Exercise goal: Restate word for word each line from the one containing "5d алмазная картина" through the end of the material, and nothing more. Drop every picture.

Supplied information:
= = = =

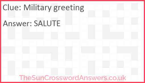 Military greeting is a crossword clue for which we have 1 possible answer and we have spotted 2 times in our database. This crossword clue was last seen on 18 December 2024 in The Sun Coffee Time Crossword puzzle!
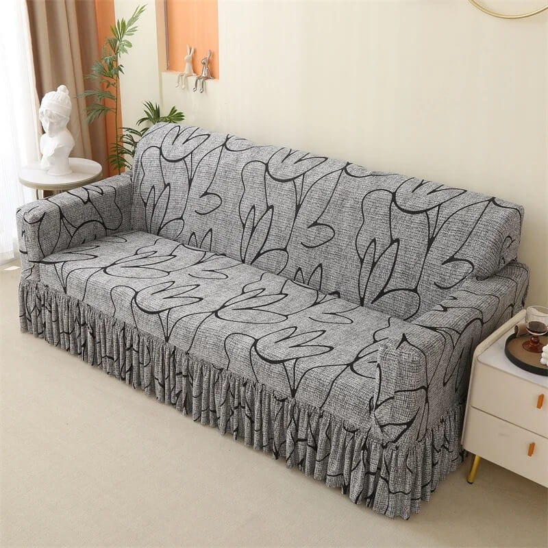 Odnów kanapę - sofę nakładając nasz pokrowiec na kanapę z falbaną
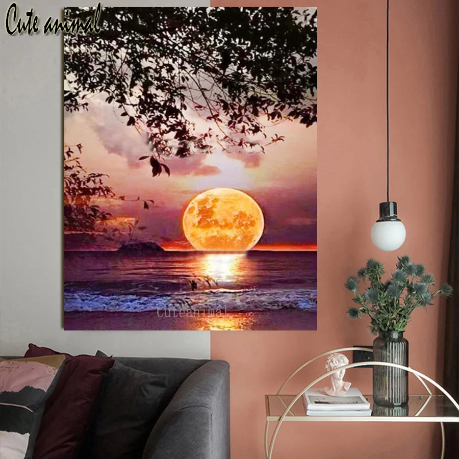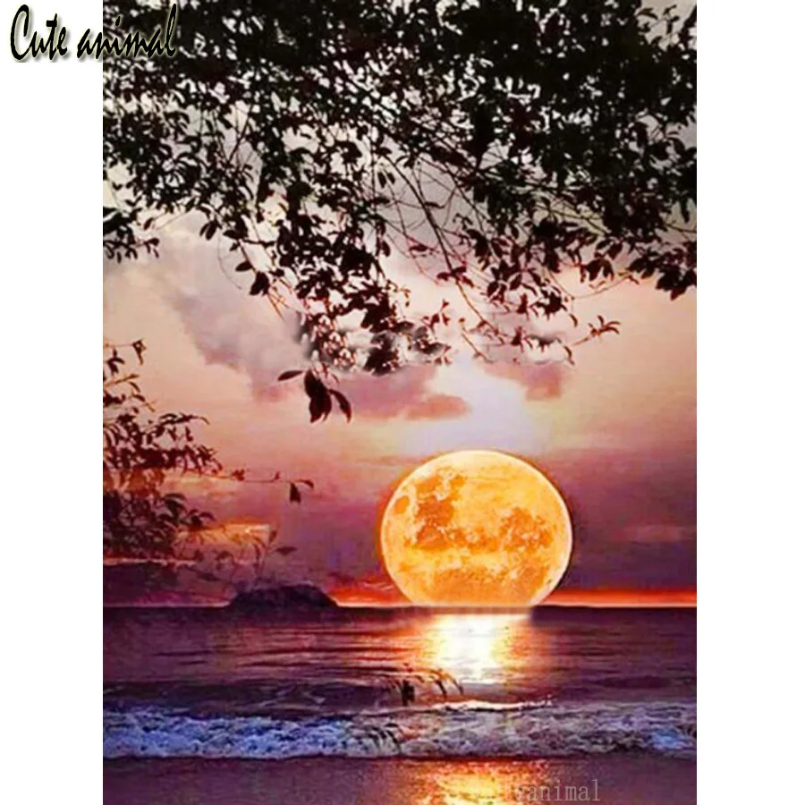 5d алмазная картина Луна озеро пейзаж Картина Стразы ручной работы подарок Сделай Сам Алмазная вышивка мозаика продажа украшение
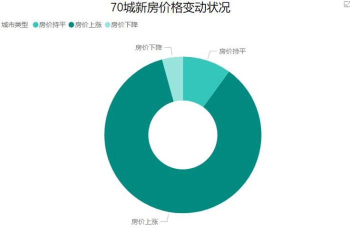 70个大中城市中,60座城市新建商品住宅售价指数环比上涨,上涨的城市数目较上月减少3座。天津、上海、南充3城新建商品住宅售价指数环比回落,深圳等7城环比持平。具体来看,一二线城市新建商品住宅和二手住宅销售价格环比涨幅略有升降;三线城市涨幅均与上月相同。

= = = =

Completed exercise:
 5d алмазная картина Луна озеро пейзаж Картина Стразы ручной работы подарок Сделай Сам Алмазная вышивка мозаика продажа украшение
 70个大中城市中,60座城市新建商品住宅售价指数环比上涨,上涨的城市数目较上月减少3座。天津、上海、南充3城新建商品住宅售价指数环比回落,深圳等7城环比持平。具体来看,一二线城市新建商品住宅和二手住宅销售价格环比涨幅略有升降;三线城市涨幅均与上月相同。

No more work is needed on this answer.